***** Task material *****

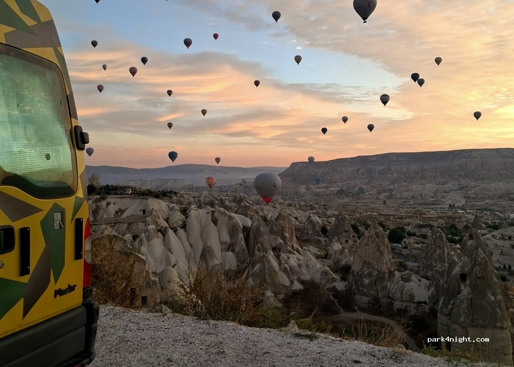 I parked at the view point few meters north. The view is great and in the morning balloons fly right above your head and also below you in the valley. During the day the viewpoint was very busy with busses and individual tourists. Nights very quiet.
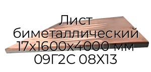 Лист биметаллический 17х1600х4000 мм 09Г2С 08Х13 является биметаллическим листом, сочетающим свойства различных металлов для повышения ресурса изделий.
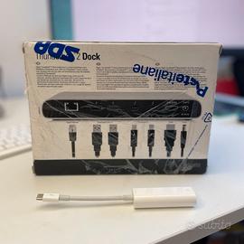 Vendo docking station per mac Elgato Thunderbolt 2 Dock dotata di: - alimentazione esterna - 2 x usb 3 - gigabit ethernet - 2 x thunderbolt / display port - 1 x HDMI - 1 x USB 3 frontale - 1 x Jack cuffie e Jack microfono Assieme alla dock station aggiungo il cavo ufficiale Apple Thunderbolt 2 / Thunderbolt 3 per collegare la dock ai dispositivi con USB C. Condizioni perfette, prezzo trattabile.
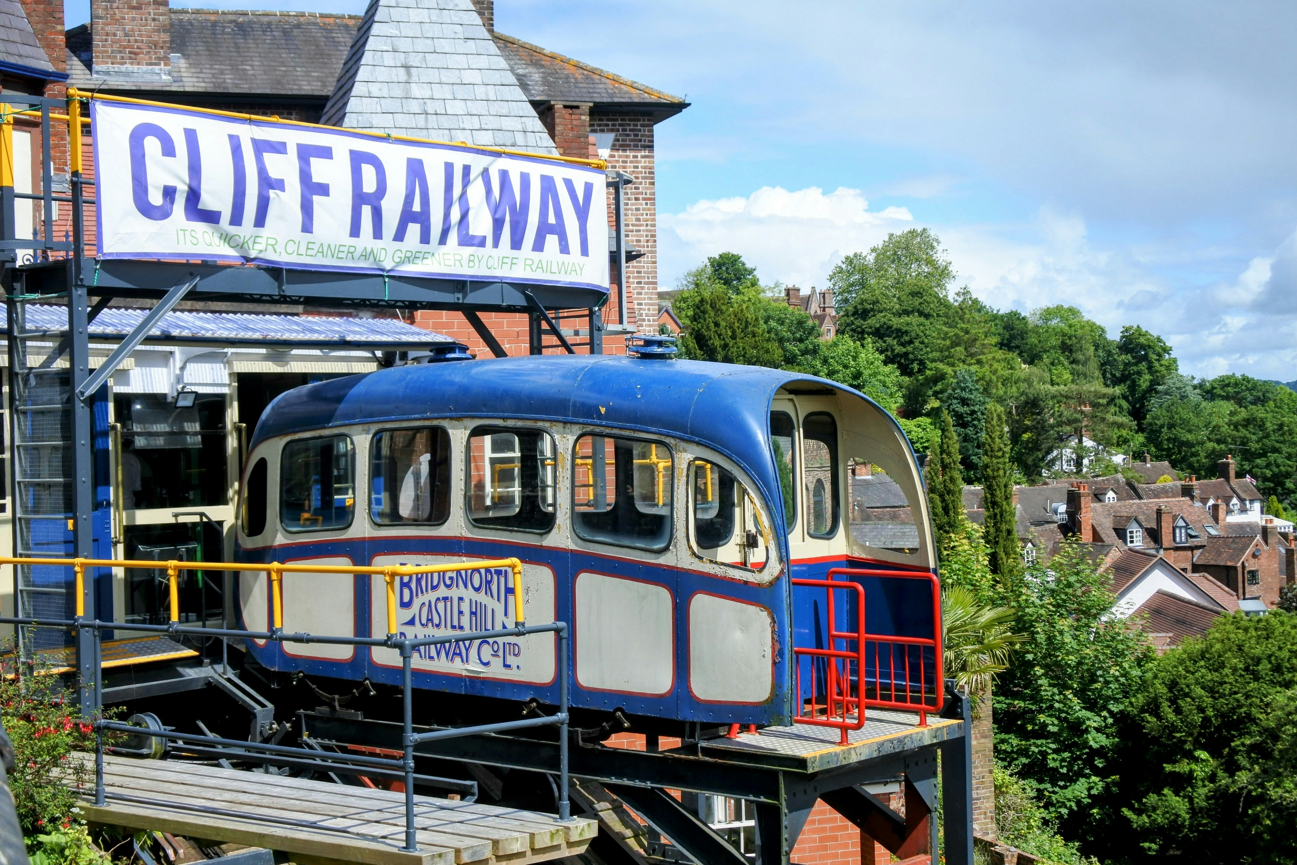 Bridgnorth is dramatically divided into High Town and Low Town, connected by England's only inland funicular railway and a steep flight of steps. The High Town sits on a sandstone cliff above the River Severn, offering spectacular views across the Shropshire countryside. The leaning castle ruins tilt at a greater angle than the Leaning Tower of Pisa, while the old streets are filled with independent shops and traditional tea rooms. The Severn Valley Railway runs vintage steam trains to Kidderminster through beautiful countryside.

*****
***** Task material *****

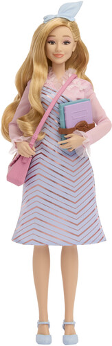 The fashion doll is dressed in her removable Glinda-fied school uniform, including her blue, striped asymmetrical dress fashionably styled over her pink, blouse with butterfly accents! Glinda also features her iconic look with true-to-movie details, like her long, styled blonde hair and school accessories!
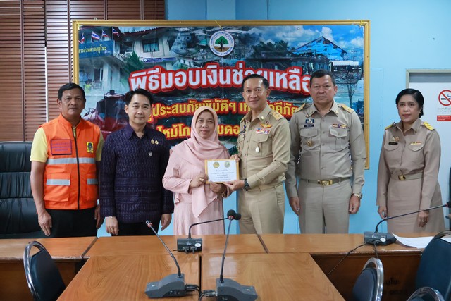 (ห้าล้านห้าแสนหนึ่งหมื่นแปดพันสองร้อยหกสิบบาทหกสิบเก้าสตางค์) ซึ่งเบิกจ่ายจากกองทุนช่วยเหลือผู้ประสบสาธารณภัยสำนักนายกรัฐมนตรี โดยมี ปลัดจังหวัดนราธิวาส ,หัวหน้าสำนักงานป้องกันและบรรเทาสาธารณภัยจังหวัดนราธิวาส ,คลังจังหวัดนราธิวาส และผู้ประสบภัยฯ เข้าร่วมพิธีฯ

*****

▶ _Task item_: Here the job is to copy the stretch of records from the line containing "Vendo docking station" through the line containing "Bridgnorth is dramatically", word for word. Leave every picture out.

▶ _Answer section_:
 Vendo docking station per mac Elgato Thunderbolt 2 Dock dotata di: - alimentazione esterna - 2 x usb 3 - gigabit ethernet - 2 x thunderbolt / display port - 1 x HDMI - 1 x USB 3 frontale - 1 x Jack cuffie e Jack microfono Assieme alla dock station aggiungo il cavo ufficiale Apple Thunderbolt 2 / Thunderbolt 3 per collegare la dock ai dispositivi con USB C. Condizioni perfette, prezzo trattabile.
 Bridgnorth is dramatically divided into High Town and Low Town, connected by England's only inland funicular railway and a steep flight of steps. The High Town sits on a sandstone cliff above the River Severn, offering spectacular views across the Shropshire countryside. The leaning castle ruins tilt at a greater angle than the Leaning Tower of Pisa, while the old streets are filled with independent shops and traditional tea rooms. The Severn Valley Railway runs vintage steam trains to Kidderminster through beautiful countryside.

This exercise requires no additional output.